First, using FEM and the proposed algorithm, we calculated the SE for the enclosure of the Ethernet filter (Figure 22a). It has a volume of 440 × 42 × 197.5 mm3, a wall thickness of 1 mm, and it has 12 square apertures (16 × 16 mm2) on the front wall. The analysis was performed without the internal filling of the enclosure, and only the dominant mode excitation was taken into account in the analytical calculation (m = 1 and n = 0). When using the generalized algorithm, Zap was determined, according to Flowchart 4, based on the combination of Equations (14) and (20). The results are shown in Figure 22b. It can be seen that frequency dependencies of the SE, obtained by FEM and the proposed algorithm, are in good agreement, and |Δ| = 2.9 dB.
Next, we analyzed the enclosure of the ABB FOX 515 multiplexer (Figure 23a) with a volume of 445 × 270 × 278 mm3, a wall thickness of 1.5 mm, and an array of 108 × 15 circular staggered apertures (r = 1.5 mm) located at the top of the front wall. In the analytical calculation, the Zap was determined according to Flowchart 3 using Equations (20) and (21). The equivalent circuit transformation was performed, taking into account the excitation of higher-order modes in the enclosure (mixture of TE10, TE20 and TE30 modes). Figure 23b shows the SE frequency dependencies of the multiplexer enclosure calculated by FEM and the proposed algorithm. A small discrepancy can be seen between the frequency dependencies at low frequencies and in the region of 750 MHz.

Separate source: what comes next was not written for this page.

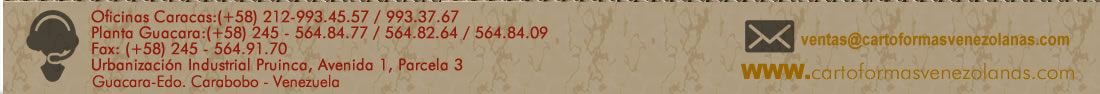 Empresa dedicada a la fabricación de soluciones en Cartón Corrugado y Cartulina para el mercado nacional con operaciones desde Guacara Estado Carabobo y oficinas en Caracas Venezuela les da la Bienvenida a este sitio donde podrá conocer mas detalles de nuestros Productos y Servicios. |

For the most part, however, the results are in good agreement, and the value of |Δ| is only 1.52 dB.
Finally, using FEM and the proposed algorithm, we calculated the frequency dependencies of the SE for a cylindrical enclosure with a circular aperture at R = r = 150 mm and d = 300 mm. Moreover, the enclosure under study was completely filled with dielectric material, with εr = 3.7. In the calculation by the proposed algorithm, Zap was determined using (13) and (14). The transformation of the equivalent circuit was performed according to Flowchart 7, and λc mn was determined at m = n = 1. Figure 24 illustrates that the results obtained by the generalized algorithm and FEM are in agreement. In this case, the value of |Δ| is 3.12 dB.

4.3. Computation Time Analysis

Table 1 presents the SE computation times for enclosures from Section 4.2 using the proposed generalized algorithm and FEM. Note that all calculations were performed on an outdated PC with a 6th-generation quad-core Intel Core i5 processor and 16 GB of RAM. It can be seen that the SE calculation by FEM takes considerably longer than that using the generalized algorithm based on equivalent circuits. In all cases, the time difference is more than 106 times.
Thus, the results of the algorithm validation prove that it has acceptable accuracy and low computation time. Consequently, using this algorithm in the early stages of designing electronic equipment, one can quickly evaluate the SE, which will significantly reduce the time for developing the final product.

5. Software Development

Based on the presented algorithm, we are currently developing software for the fast SE evaluation of electronic equipment enclosures. By the time of writing, our team has developed a prototype of this software. In this section, we briefly describe this prototype and its features.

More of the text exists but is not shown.